• **Exercise data**:
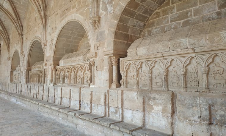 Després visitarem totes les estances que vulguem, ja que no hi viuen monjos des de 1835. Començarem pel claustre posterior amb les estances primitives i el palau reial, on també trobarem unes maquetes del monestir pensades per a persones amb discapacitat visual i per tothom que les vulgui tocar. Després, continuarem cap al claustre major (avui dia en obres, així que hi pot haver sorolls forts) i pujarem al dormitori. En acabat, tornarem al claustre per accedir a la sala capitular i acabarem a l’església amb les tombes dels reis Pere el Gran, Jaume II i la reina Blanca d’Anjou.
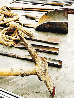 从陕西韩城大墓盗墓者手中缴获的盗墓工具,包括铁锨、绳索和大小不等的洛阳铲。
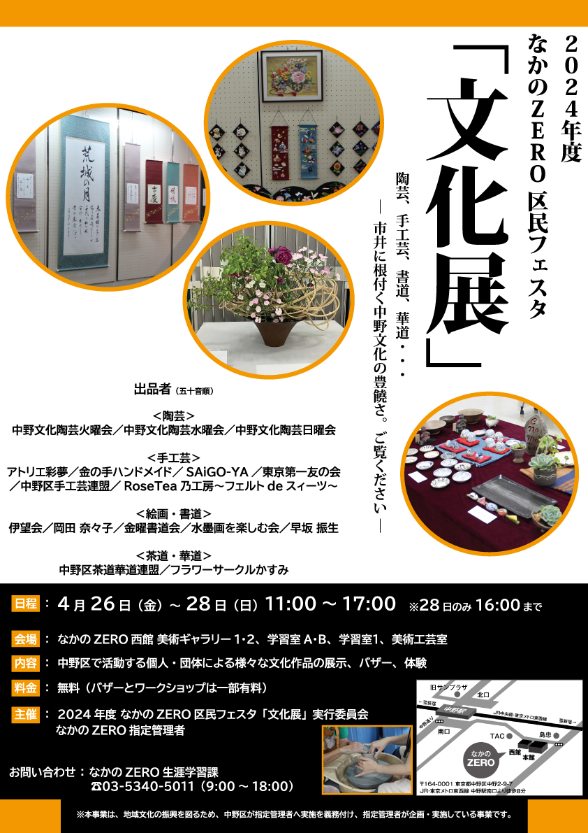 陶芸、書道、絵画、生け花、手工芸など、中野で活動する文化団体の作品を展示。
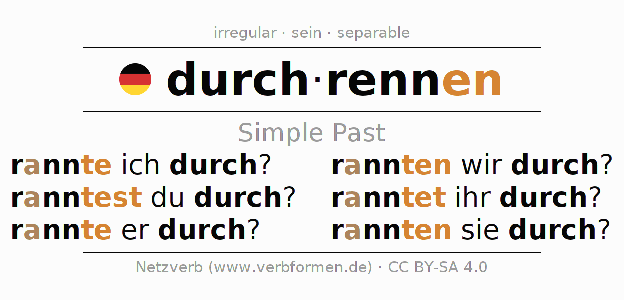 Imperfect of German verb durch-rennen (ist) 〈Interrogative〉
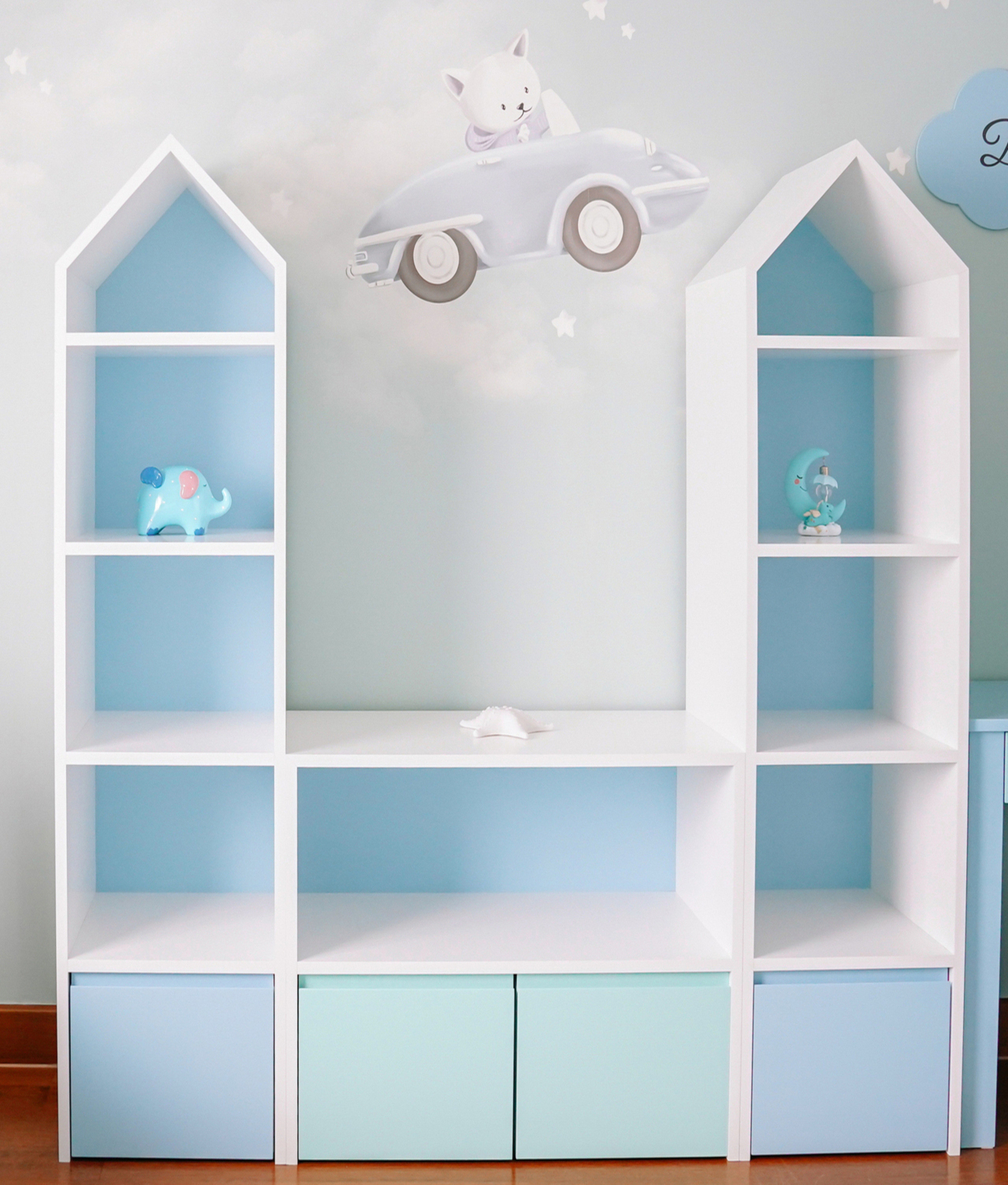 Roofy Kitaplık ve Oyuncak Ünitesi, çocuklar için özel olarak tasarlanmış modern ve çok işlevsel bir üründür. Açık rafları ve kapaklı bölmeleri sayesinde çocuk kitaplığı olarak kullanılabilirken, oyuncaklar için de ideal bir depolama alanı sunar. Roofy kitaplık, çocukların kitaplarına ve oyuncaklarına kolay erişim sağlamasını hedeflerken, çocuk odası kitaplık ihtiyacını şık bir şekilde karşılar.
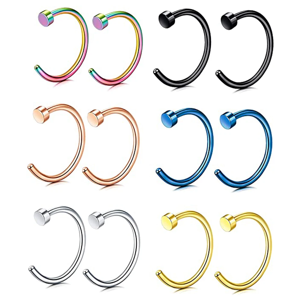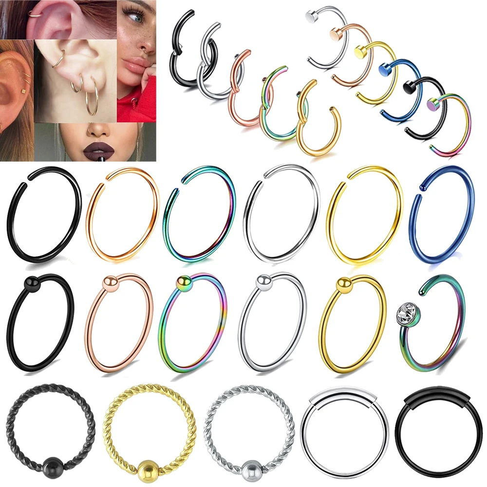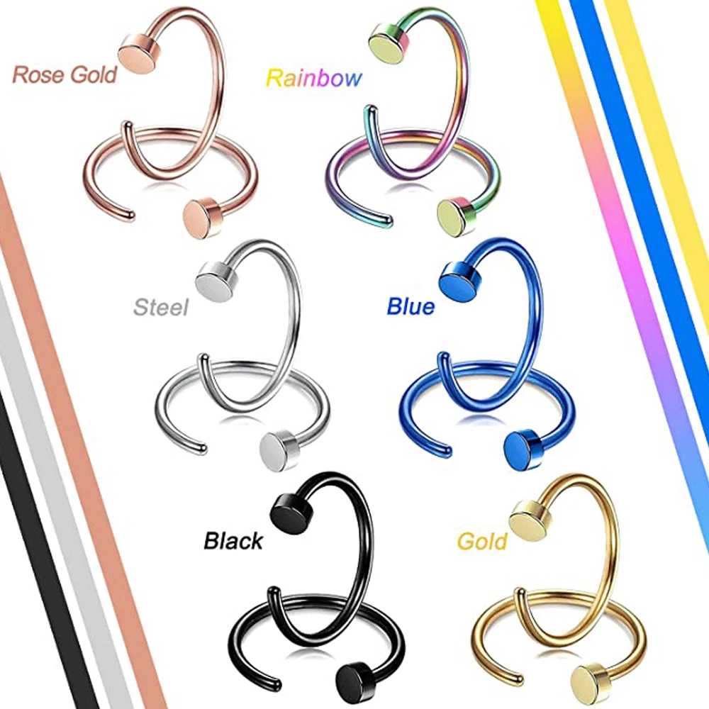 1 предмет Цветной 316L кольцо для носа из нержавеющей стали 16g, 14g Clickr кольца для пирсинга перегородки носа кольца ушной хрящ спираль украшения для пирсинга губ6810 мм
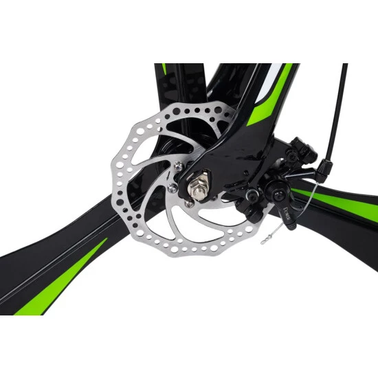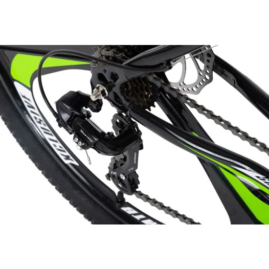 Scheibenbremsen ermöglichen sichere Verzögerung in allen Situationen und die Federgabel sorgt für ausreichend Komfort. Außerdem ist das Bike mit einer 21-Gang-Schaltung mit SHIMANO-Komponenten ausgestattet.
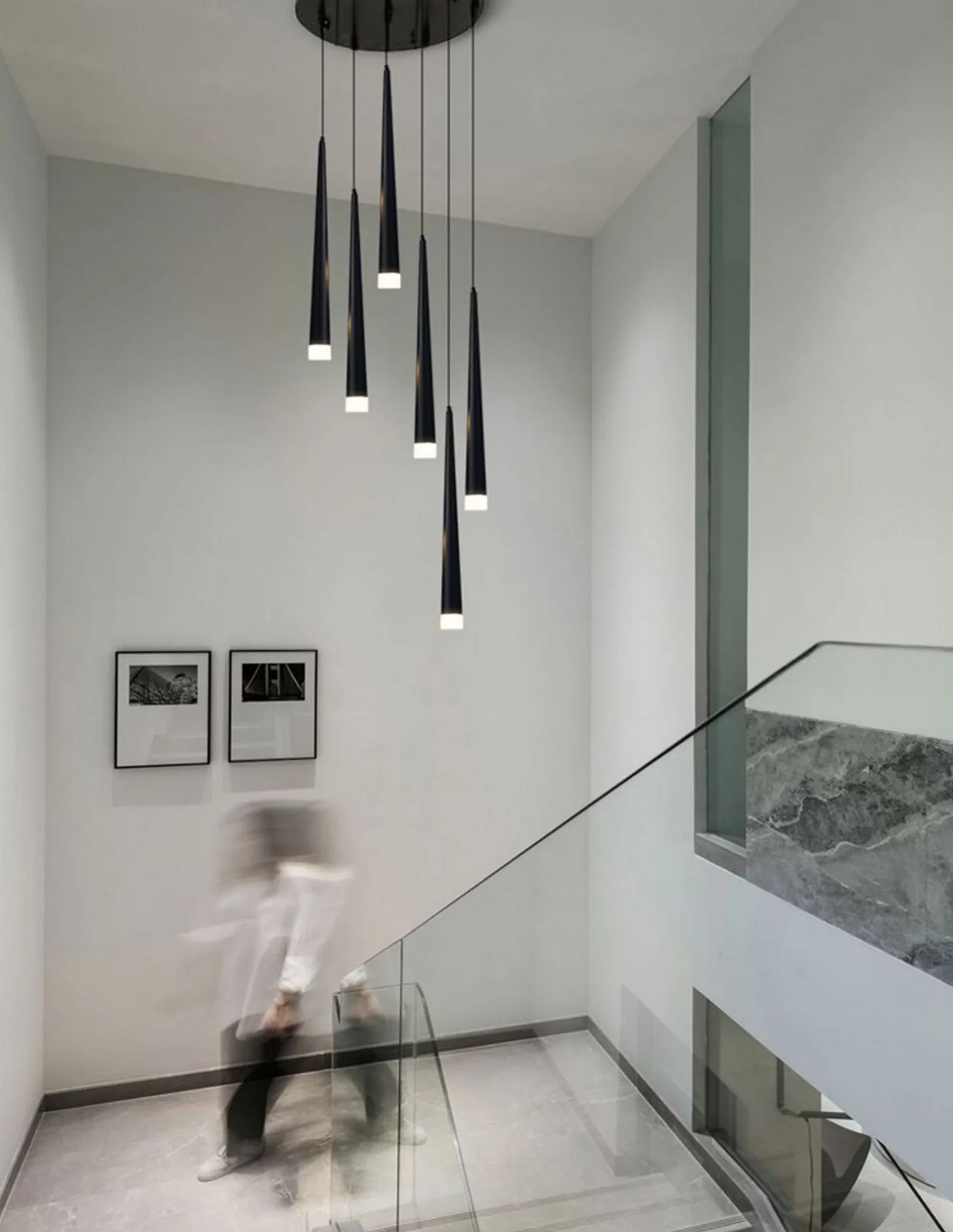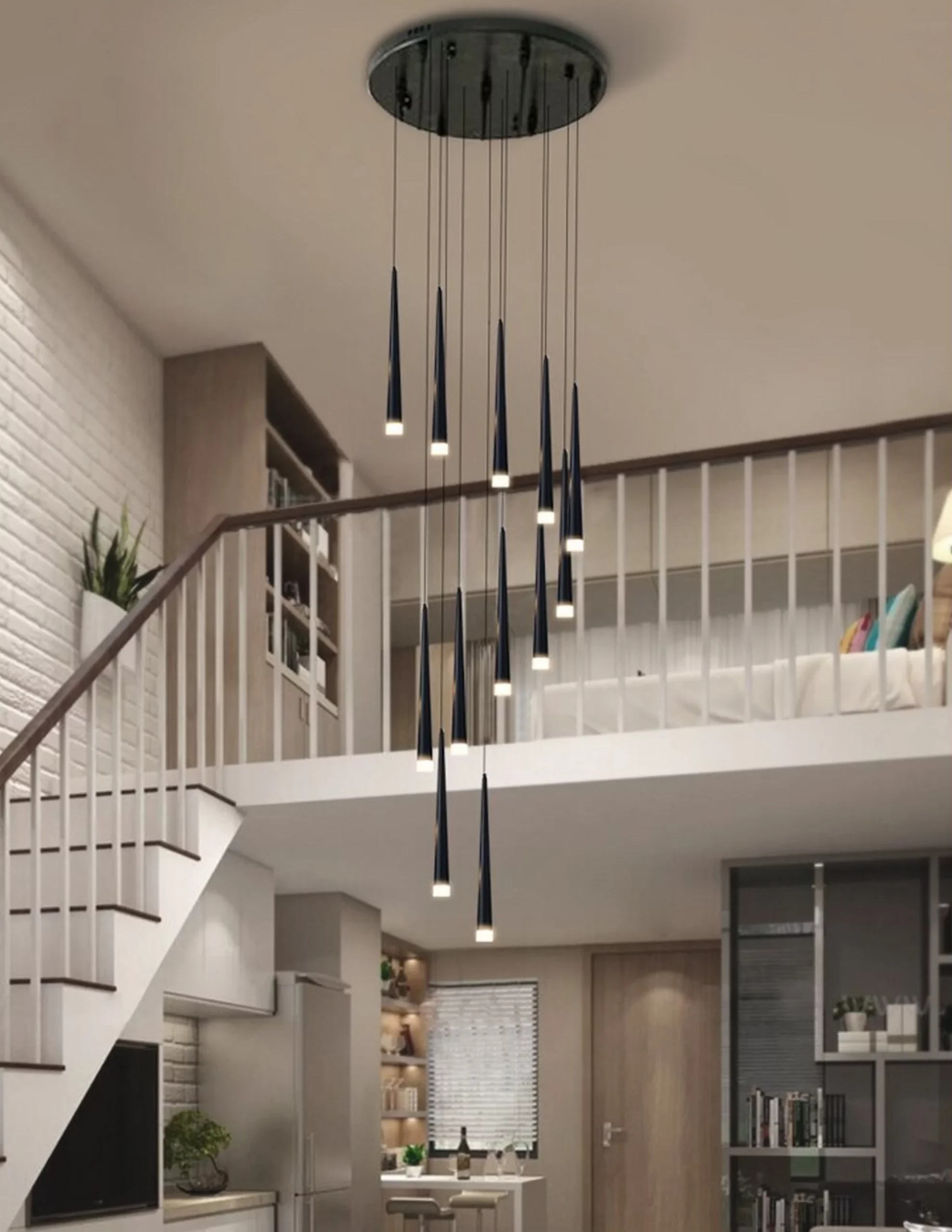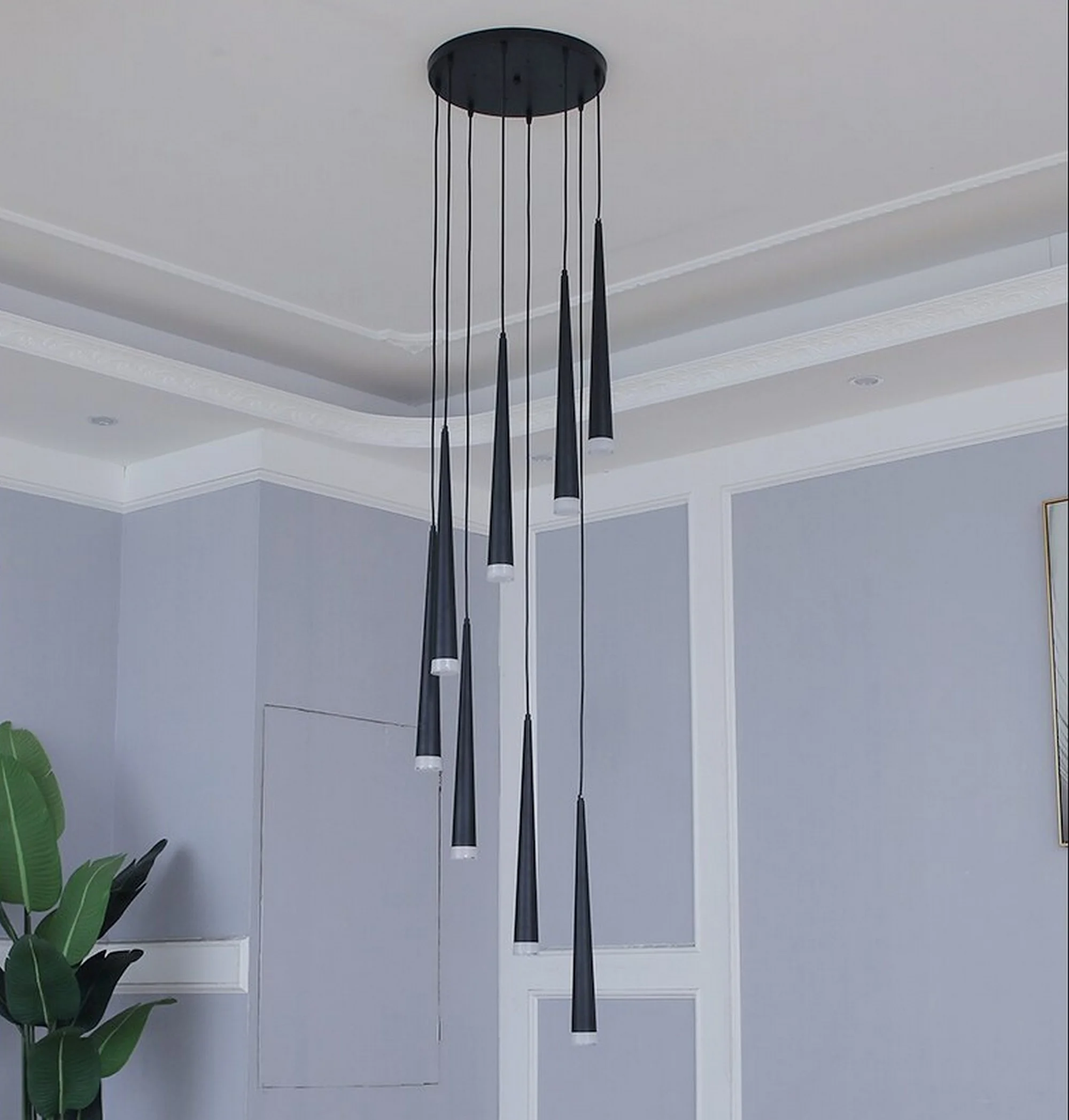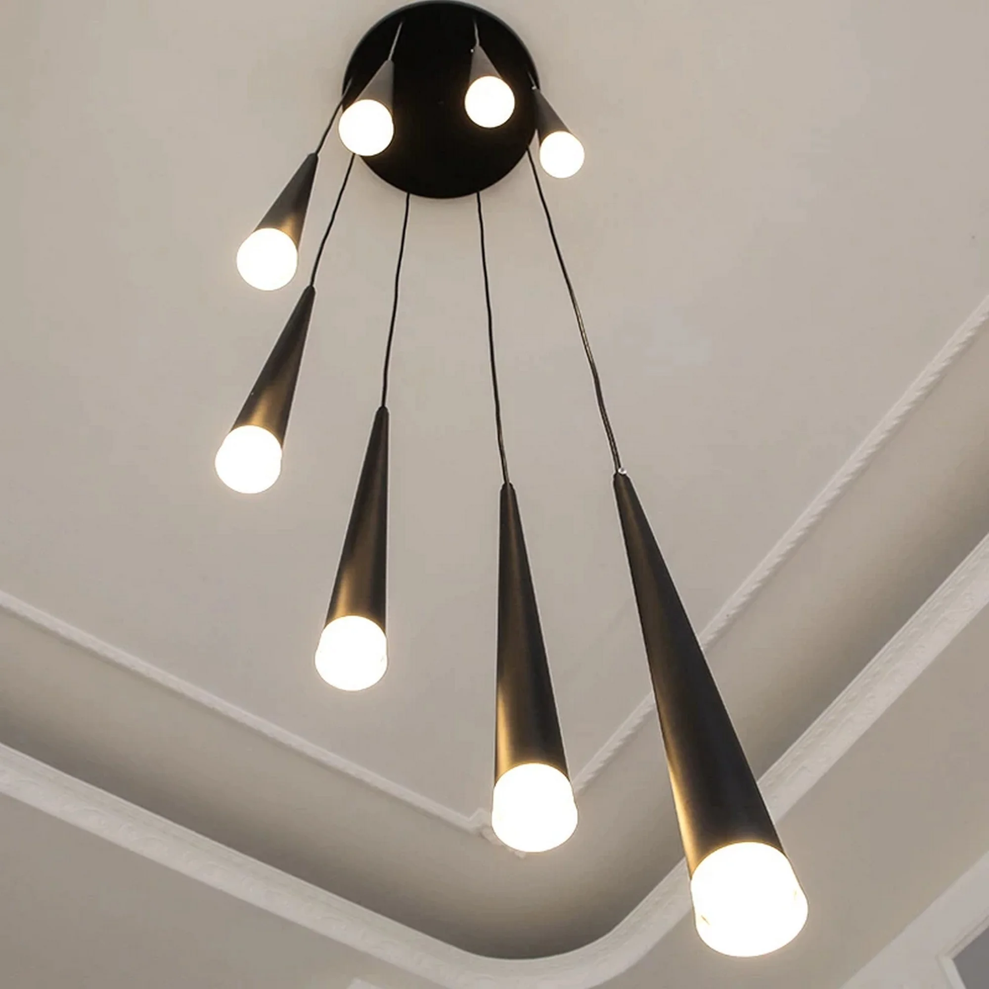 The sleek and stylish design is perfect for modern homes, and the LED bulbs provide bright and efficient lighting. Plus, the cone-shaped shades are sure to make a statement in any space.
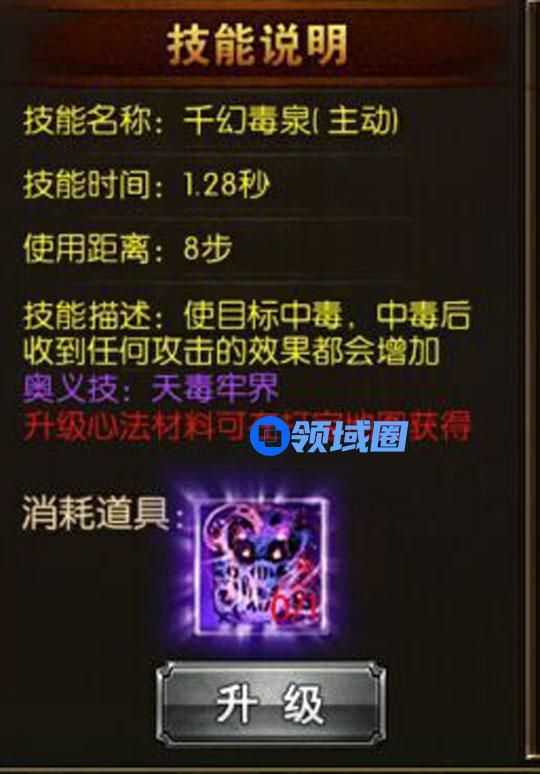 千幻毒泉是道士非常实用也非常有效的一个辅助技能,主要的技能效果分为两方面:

• **Exercise objective**: Locate "Roofy Kitaplık ve" in the entries above. Copy, exactly and only, the lines from that line to the end, leaving out the pictures.

• **Solved problem**:
 Roofy Kitaplık ve Oyuncak Ünitesi, çocuklar için özel olarak tasarlanmış modern ve çok işlevsel bir üründür. Açık rafları ve kapaklı bölmeleri sayesinde çocuk kitaplığı olarak kullanılabilirken, oyuncaklar için de ideal bir depolama alanı sunar. Roofy kitaplık, çocukların kitaplarına ve oyuncaklarına kolay erişim sağlamasını hedeflerken, çocuk odası kitaplık ihtiyacını şık bir şekilde karşılar.
 1 предмет Цветной 316L кольцо для носа из нержавеющей стали 16g, 14g Clickr кольца для пирсинга перегородки носа кольца ушной хрящ спираль украшения для пирсинга губ6810 мм
 Scheibenbremsen ermöglichen sichere Verzögerung in allen Situationen und die Federgabel sorgt für ausreichend Komfort. Außerdem ist das Bike mit einer 21-Gang-Schaltung mit SHIMANO-Komponenten ausgestattet.
 The sleek and stylish design is perfect for modern homes, and the LED bulbs provide bright and efficient lighting. Plus, the cone-shaped shades are sure to make a statement in any space.
 千幻毒泉是道士非常实用也非常有效的一个辅助技能,主要的技能效果分为两方面:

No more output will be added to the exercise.